Accelerating Drug Discovery with a Grakn Knowledge Graph

Tomas Sabat
Sep 17, 2018 · 13 min read

Systems biology produces a tremendous amount of heterogeneous data which present challenges in their integration due to their complex nature and rich semantics. As understanding the complex relationships in biomedical data is one of the key goals in biology, solutions that speed up the integration and querying of such data are necessary.

However, analysing large volumes of biomedical data through traditional database systems is troublesome and challenging. Here, we look at how Grakn can be used for complex biological relationships to accelerate the drug discovery process.

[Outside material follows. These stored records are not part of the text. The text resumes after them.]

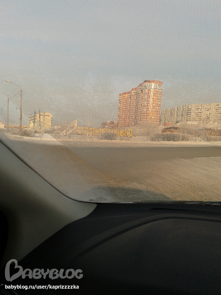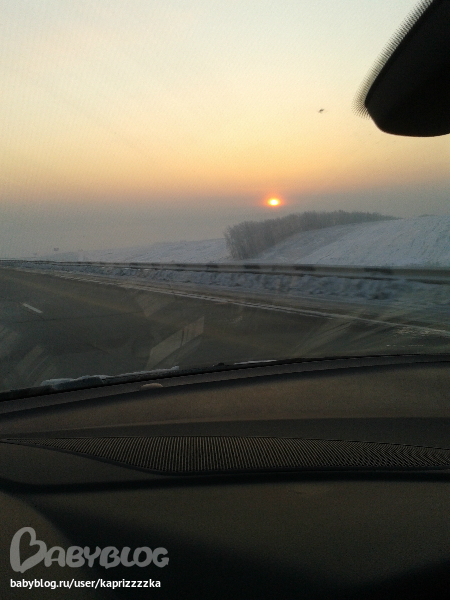 До родителей проще всего от нас ехать, минуя мильон светофоров, через объездную трассу. Никого нет, можно разогнаться... А вот и солнышко встало... Всё в дымке от мороза, них* не видно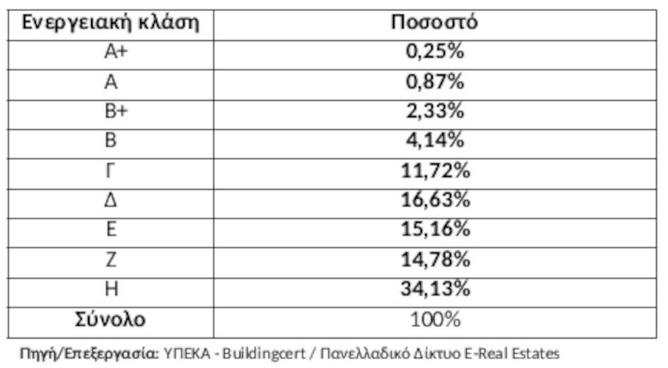 Όπως προκύπτει, οι υψηλές ενεργειακές κατηγορίες Α+ έως Β συγκέντρωσαν εξαιρετικά περιορισμένο ποσοστό του συνολικού οικιστικού αποθέματος. Το εύρημα αυτό επιβεβαίωσε τη χαμηλή διείσδυση σύγχρονων, ενεργειακά αποδοτικών κατοικιών στην Ελλάδα και ανέδειξε το διαρθρωτικό έλλειμμα ανανέωσης και αναβάθμισης του κτιριακού αποθέματος. Αντιθέτως, η συντριπτική πλειονότητα των κατοικιών εντάχθηκε στις χαμηλότερες ενεργειακές κλάσεις, με την κατηγορία Η να καταγράφει το υψηλότερο ποσοστό (34,13%), ενώ ακολουθούν οι κλάσεις Δ (16,63%), Ε (15,16%) και Ζ (14,78%).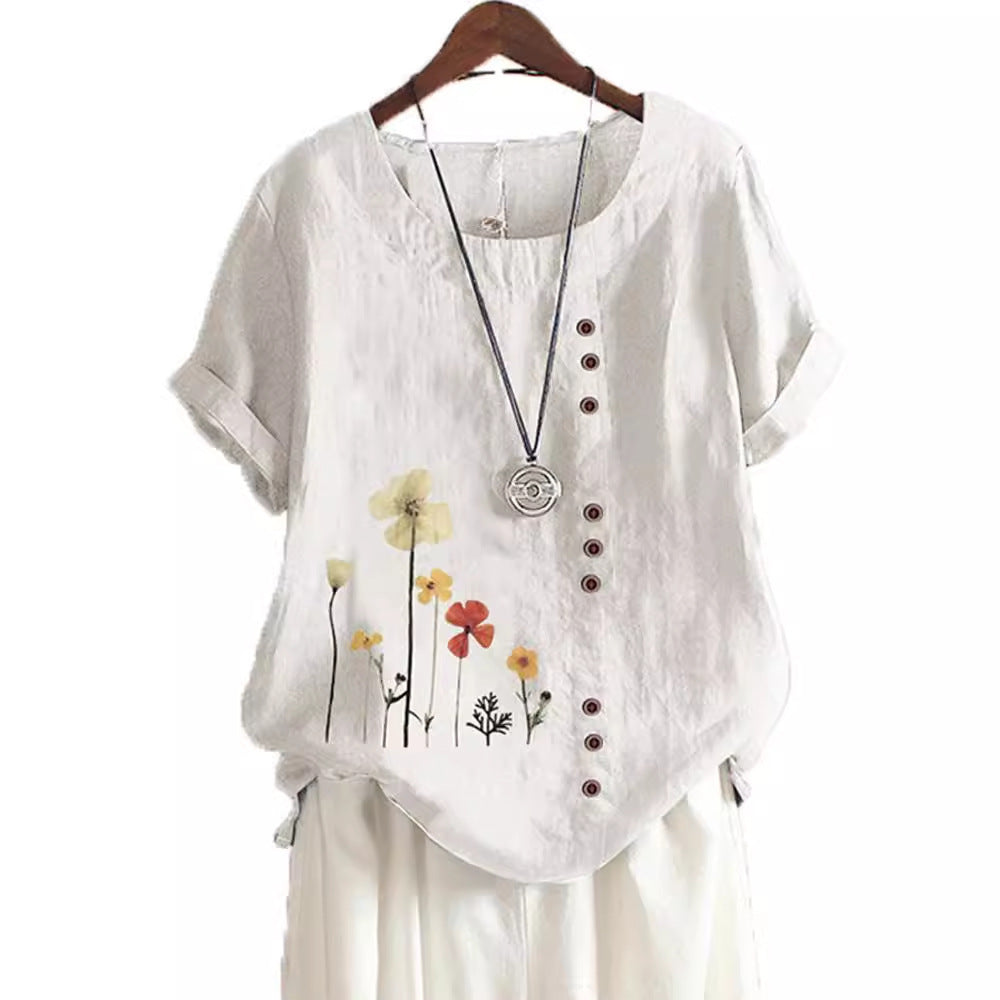 Cotton And Linen Printed Elegant Short Sleeve T-shirt Top Women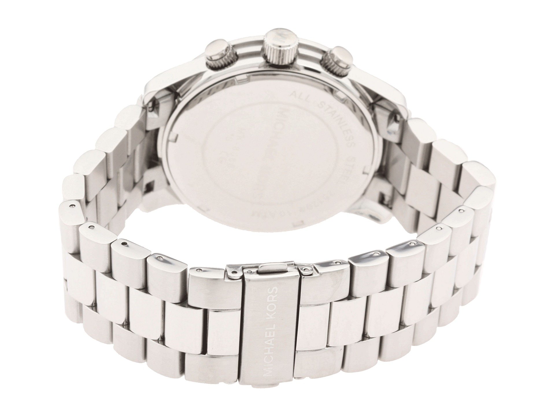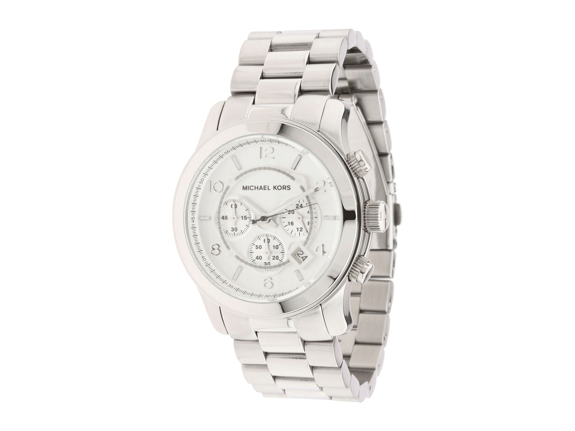 | Product Information SKU: #7539924Project the attitude of a consummate professional when you wear this outstanding Michael Kors™ timepiece.Silver-tone stainless steel case and bracelet.Fold-over clasp closure with push button release.Three-hand analog display with quartz movement, three sub-dials and date display window.Chronograph functionality.Dial face includes luminous hour markers.Dial ring features split-second track.Water resistant 10 ATM/100 meters.This product may have a manufacturer's warranty. Please visit the manufacturer's website or contact us at warranty@support.zappos.com for full manufacturer warranty details.Measurements: Case Height: 45 mm Case Width: 45 mm Case Depth: 15 mm Band Width: 25 2?5 mm Band Circumference/Length: 9 1?2 in Weight: 7 oz |

We also present BioGrakn Covid, an open source biomedical knowledge graph for Covid research.

Integrating and Ingesting Biomedical Data In Traditional Systems

The rapid development and spread of analytical tools in biomedical science have produced a variety of information about all sorts of biological components (cells, tissues, diseases, proteins, pathways, drugs, etc) and their functions. Though important individually, their biological characteristics need to be understood in relation to the interactions they have with different biological components, which requires the integration of vast amounts of heterogenous data. However, as this data is highly complex and semantically rich, doing so becomes very hard.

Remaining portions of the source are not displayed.